Floyd-Warshall¶

Problem Statement¶

We are given a weighted directed graph \(G\). The weights of the edges of \(G\) can be negative. We know that graph \(G\) does not contain any cycles with a negative total weight.

In this problem, for every pair of vertices \((u, v)\), we want to find the length of the shortest path from \(u\) to \(v\). The length of a path is equal to the sum of its edge weights.

Floyd-Warshall Algorithm¶

To solve this problem, we first define a \(dp\) table with dimensions \(|V(G)| \times |V(G)| \times |V(G)|\). Let \(dp_{k, i, j}\) be the length of the shortest walk from vertex \(i\) to vertex \(j\) such that all intermediate vertices (vertices on the path excluding \(i\) and \(j\) themselves) are chosen from the set of vertices \(\lbrace 1, 2, \dots, k \rbrace\).

Now, we know that the length of the shortest walk between two vertices in graph \(G\) is also equal to the length of the shortest path. This is because if the shortest walk contains two repeated vertices, we would have a cycle whose length is positive (as per the problem statement, cycle length cannot be negative). We could then remove this cycle, leading to a walk with a shorter length, which is a contradiction.

For the base cases of this DP, we know that \(dp_{0, i, i} = 0\). For every pair of vertices like \((u, v)\), we set \(dp_{0, u, v}\) to be the weight of the shortest edge from \(u\) to \(v\). (If there is no edge from \(u\) to \(v\), then \(dp_{0, u, v} = \infty\) ).

Now, to obtain \(dp_{k, i, j}\), we consider two cases: either vertex \(k\) is not present in the optimal path, in which case the answer is \(dp_{k - 1, i, j}\).

If vertex \(k\) is in the path, then the optimal path is equal to \(dp_{k - 1, i, k} + dp_{k - 1, k, j}\). This is because we must first reach vertex \(k\) from vertex \(i\), and then go from vertex \(k\) to vertex \(j\). In both these sub-paths, the vertex indices must be less than \(k\).
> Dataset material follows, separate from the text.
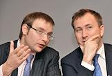 Председатель правления ОАО "Фондовая бржа РТС" Роман Горюнов (слева) и председатель правления Национальной Ассоциации Участников Фондового Рынка (НАУФОР) Алексей Тимофеев (справа) на I международной конференции "Иностранные ценные бумаги в России: размещение, обращение и инвестирование" в Центре международной торговли.
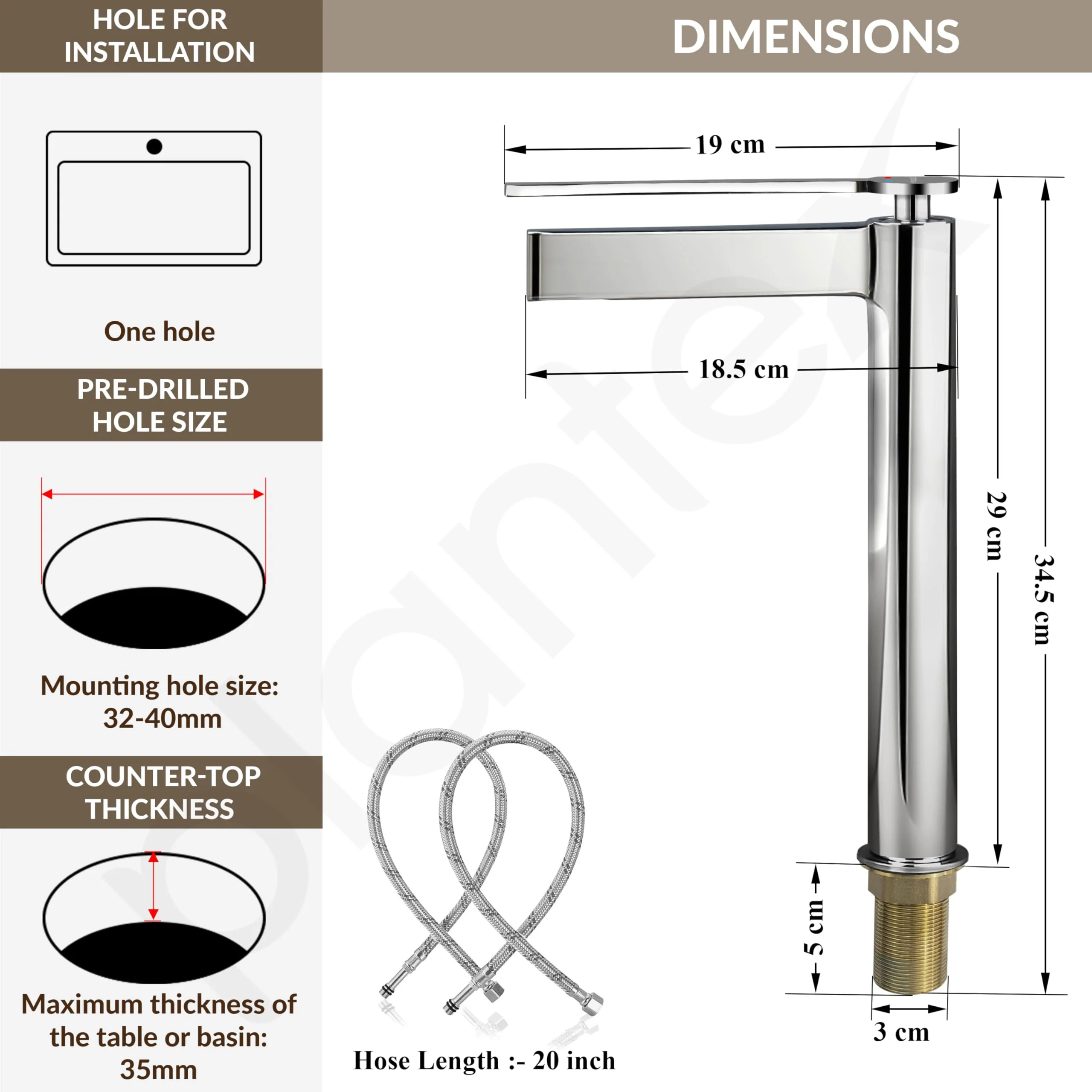 - ๐๐ข๐ฆ๐ฉ๐ฅ๐ข๐๐ฒ ๐๐๐ญ๐๐ซ ๐๐จ๐ง๐ญ๐ซ๐จ๐ฅ : Plantex Tap for wash basin features dual hoses for hot and cold water, a standard G1/2 connection, and allows effortless water and temperature control.

To find the length of the shortest path from vertex \(u\) to vertex \(v\), it is sufficient to have the value \(dp_{n, u, v}\).

Order Analysis¶

We perform \(\mathcal{O}(1)\) operations to update each DP cell. We know that the DP table has \(\mathcal{O}\left(\left|V\left(G\right)\right|^{3}\right)\) cells. Therefore, in total, we perform \(\mathcal{O}\left(\left|V\left(G\right)\right|^{3}\right)\) operations. The space complexity used is also \(\mathcal{O}\left(\left|V\left(G\right)\right|^{3}\right)\).

Memory Order Optimization¶

To optimize the amount of memory consumed, we can eliminate the first dimension. As a result, the memory complexity becomes \(\mathcal{O}\left(\left|V\left(G\right)\right|^{2}\right)\).

This means we run a \(for\) loop from 1 to \(\left|V\left(G\right)\right|\) and name its variable \(k\). Then, in each step, for every DP cell, we update it. By "update", we mean we branch based on whether vertex \(k\) is an intermediate vertex of the path, just like in the normal case.

Now, to prove its correctness, we say that after each step of the outer loop, all values are correct. First, we state that the DP cells where one of their dimensions is equal to \(k\) never change. Then, to update the rest of the DP cells, we use values from cells where at least one of their dimensions is \(k\).

Thus, by induction, it can be proven that after the \(k\)-th step, \(dp_{i, j} = dp^{\prime}_{k, i, j}\), where \(dp^{\prime}\) is the DP without optimization. Therefore, after the \(n\)-th step, we will arrive at the desired values.

Negative Cycles¶

You might wonder how to detect if a graph has negative cycles when it's not guaranteed. For this purpose, we initially set \(dp_{i, i} = 0\). Now, if during the algorithm's execution one of the \(dp_{i, i}\) entries becomes \(< 0\), then we know that a walk with negative length exists from \(i\) to \(i\). We also know that any closed walk with negative length must contain a cycle of negative length.

If a negative cycle existed, then for a vertex \(u\) in that negative cycle, \(dp_{u, u} < 0\) would necessarily become true. This is because our negative cycle, according to our DP definition, poses no problem and affects \(dp_{u, u}\), making it negative.

According to the two arguments above, the existence of a negative cycle is equivalent to having \(dp_{i, i} < 0\). Thus, it is sufficient to check only that \(dp_{i, i}\) does not become negative during the process.